Dimanche dernier, la police a par ailleurs arrêté une enseignante de 29 ans à Aarhus. Elle avait publié sur Facebook une photo d’une poupée en feu représentant la première ministre, Mette Frederiksen. Inculpée de menace contre une représentante de l’autorité publique, elle risque jusqu’à 8 ans de prison – et même le double selon la loi amendée. Pour son avocat Jonas Christoffersen, cette affaire montre que «tout ce qui rappelle une distanciation par rapport à la politique corona du gouvernement est réprimé».
L'enseignante a affirmé ce jeudi «avoir utilisé cette photo comme illustration d'une proposition citoyenne pour réviser cet article du code pénal». Elle a créé un groupe sur Facebook intitulé «STOP paragraphe 113» qui se définit comme faisant partie du «mouvement de résistance» «luttant pour la liberté».
Appels à réviser la loi
Au parlement, des voix s’élèvent justement pour réviser la loi. «J’ai voté pour à l’époque, mais je ne pense pas que l’on doive traiter plus durement des manifestants contre le covid que d’autres», estime Katrina Lorentzen du Parti socialiste populaire.

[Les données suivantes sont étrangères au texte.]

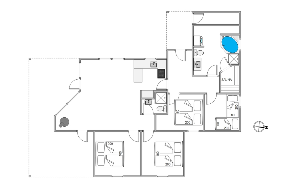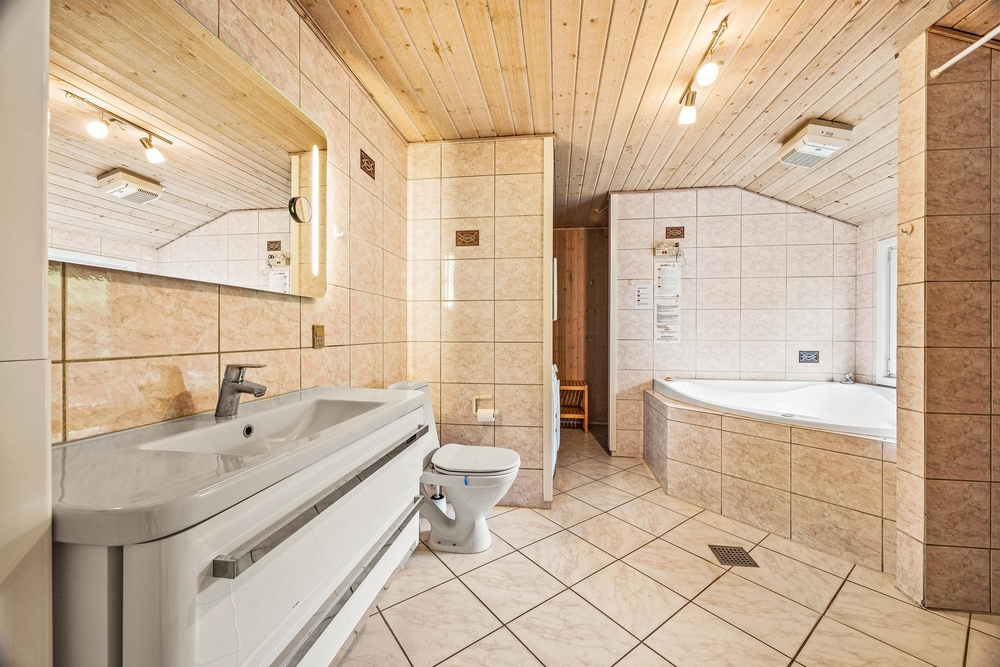 Es gibt vier schöne Schlafzimmer, wovon drei mit Doppelbetten, und eins mit 2 Einzelbetten ausgestattet sind. Außerdem könnt ihr euch in zwei Badezimmern einrichten. Ein kleineres mit einer Duschnische und das große Badezimmer, in dem auch Sauna und Whirlpool sind. Hier stehen euch auch noch Waschmaschine und Trockner zur Verfügung.

Tout aussi critique, le journal de référence Politiken appelle, dans un éditorial, à abolir cette législation répressive. «Précisément parce que les restrictions anti-covid sont si intrusives, il est important que le débat ne soit pas réprimé. Ce débat est la pierre angulaire de la démocratie, et c’est dans les crises majeures, comme celle d’aujourd’hui, qu’il est crucial de le sauvegarder.»
En réaction à ces critiques, le ministre de la Justice, Nick Hækkerup, a défendu bec et ongles cette règle de la double peine qui est «sensée dans la situation extraordinaire dans laquelle nous nous trouvons», estimant avoir «le soutien du parlement qui a prolongé cette disposition jusqu’à la fin de l’année».